Um wieder mehr Positivität in das eigene Leben zu bringen, genügt es oft schon sich zu überlegen: Was fehlt mir? Wonach sehne ich mich? Um sich darauf zu besinnen, hilft es zwischendurch zu meditieren. Meditation bedarf keiner großen Verbreitung und muss auch nicht lange dauern. Eine Anleitung und ausführliche Informationen zum Thema findest du auch im Magazinbeitrag zur Achtsamkeitsmeditation.

2. Lachen

„Lachen ist gesund“, so sagt man, aber wie oft erinnern wir uns daran und probieren es aus? Sich selbst und anderen ein Lächeln schenken, wenn es das nächste Mal anfängt im Inneren zu brodeln. Klingt komisch, aber je mehr man sich damit beschäftigt, desto klarer wird: Lachen ist ein komplexes Thema – daher gibt es hierzu auch einen eigenen Forschungszweig, die Gelotologie.

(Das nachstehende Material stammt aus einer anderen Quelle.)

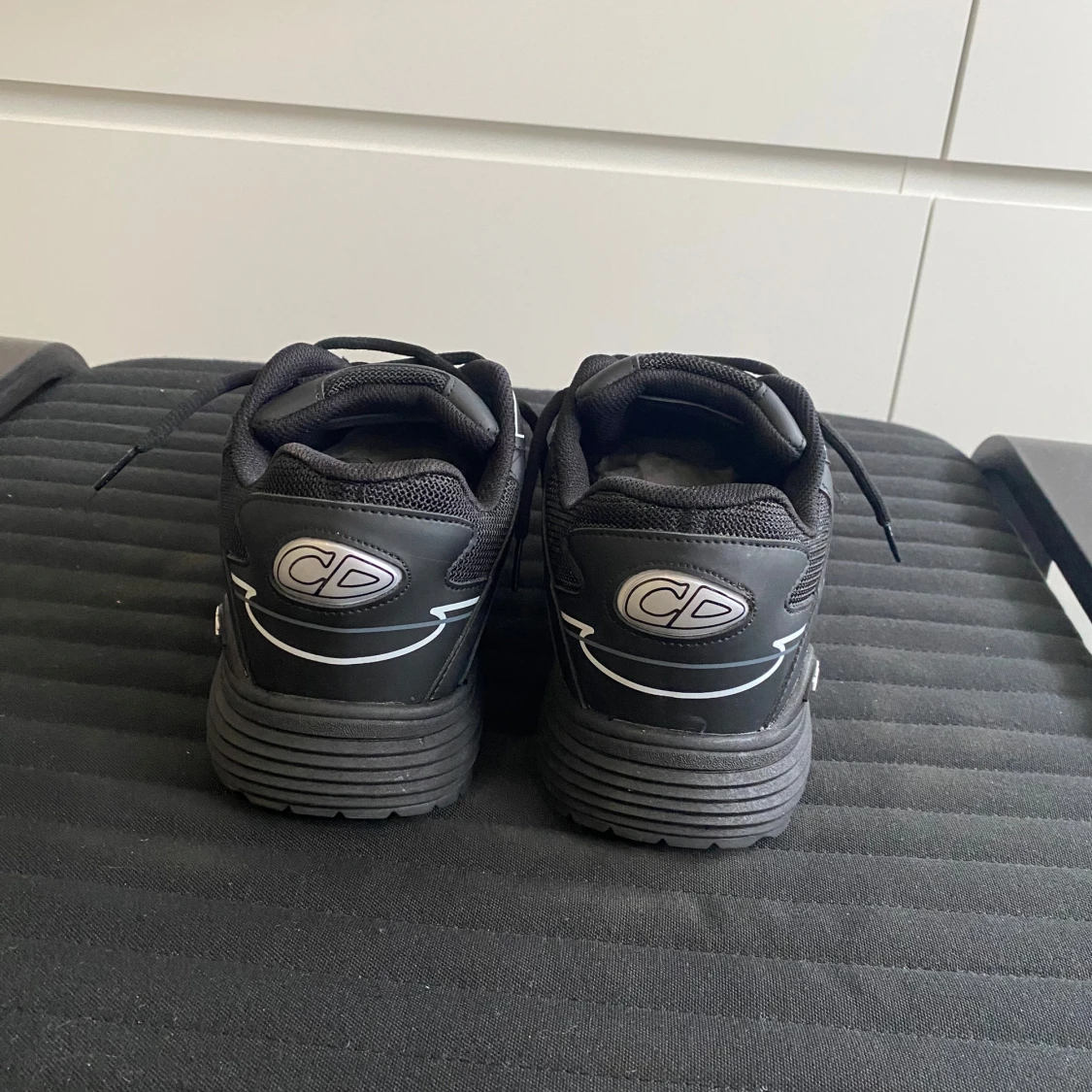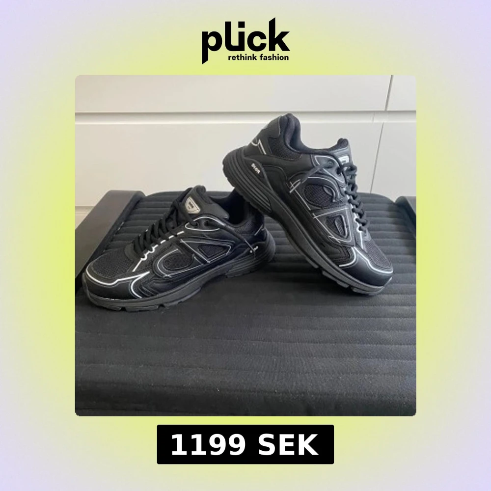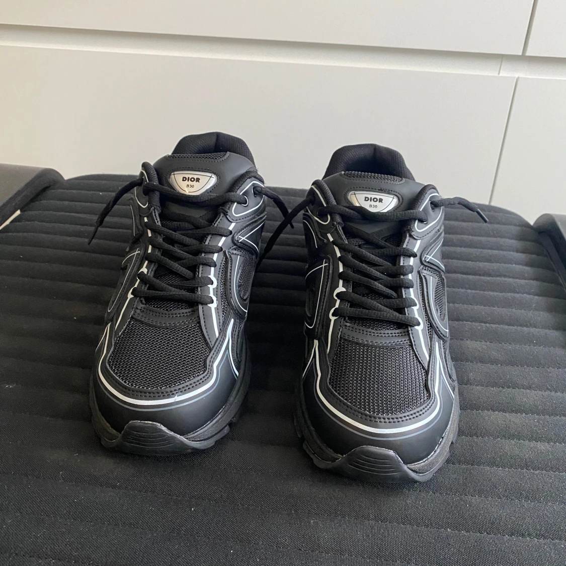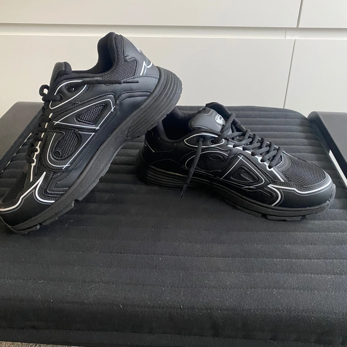 Säljer ett par svarta sneakers med vita kontrastdetaljer och meshpaneler. Skorna har rund tå, snörning och tjock sula för en sportig vibe. Märkeslogga syns både fram och bak. Perfekta för dig som vill sticka ut med lyxig streetstyle. Låda medföljer tyvärr inte!

Die in den 1960er Jahren von William F. Fry begründete Wissenschaft beschäftigt sich mit den körperlichen und psychischen Aspekten des Lachens. Wenn wir lachen, schüttet unser Körper den Botenstoff Serotonin aus und unser Immunsystem wird angekurbelt. Infolgedessen produziert der Körper Abwehrzellen, die Anzahl der Stresshormone nimmt ab und die Selbstheilungskräfte des Körpers werden aktiviert¹

3. Heilströmen

Viel zu selten halten wir inne und hören in uns hinein. Unser Körper meldet sich dann mit klassischen Stresssymptomen wie Kopfschmerzen, Bauchweh oder Erschöpfungsgefühlen bei uns. Statt diese Anzeichen ernst zu nehmen und kürzer zu treten, versuchen wir sie mit schnellen Lösungen zu bekämpfen. Dies widerspricht jedoch dem Prinzip der Selbstheilung: Selbstheilung durch Entspannung, das ist auch die Grundlage der japanischen Heilkunst des Heilströmens². Hierbei legt man die Hände auf bestimmte Energiepunkte des Körpers um sogenannte Energieblockaden zu lösen. Dabei ist es nicht notwendig Druck mit den Fingern auszuüben, es genügt sogar, die Hände über den Punkten schweben zu lassen. Durch die Konzentration auf einzelne Punkte im Körper lösen sich Energiestaus und ein beruhigendes Wohlgefühl ist die Folge. Selbst eine bewusste Atmung für mehrere Minuten kann dieses „in-Schwung-bringen“ herbeiführen. Du hältst Energieblockaden und ähnliches für Unsinn? Versuch es trotzdem einmal: Der Schlüssel dieser Übungen liegt schlicht in der Ruhe und Konzentration auf dich selbst.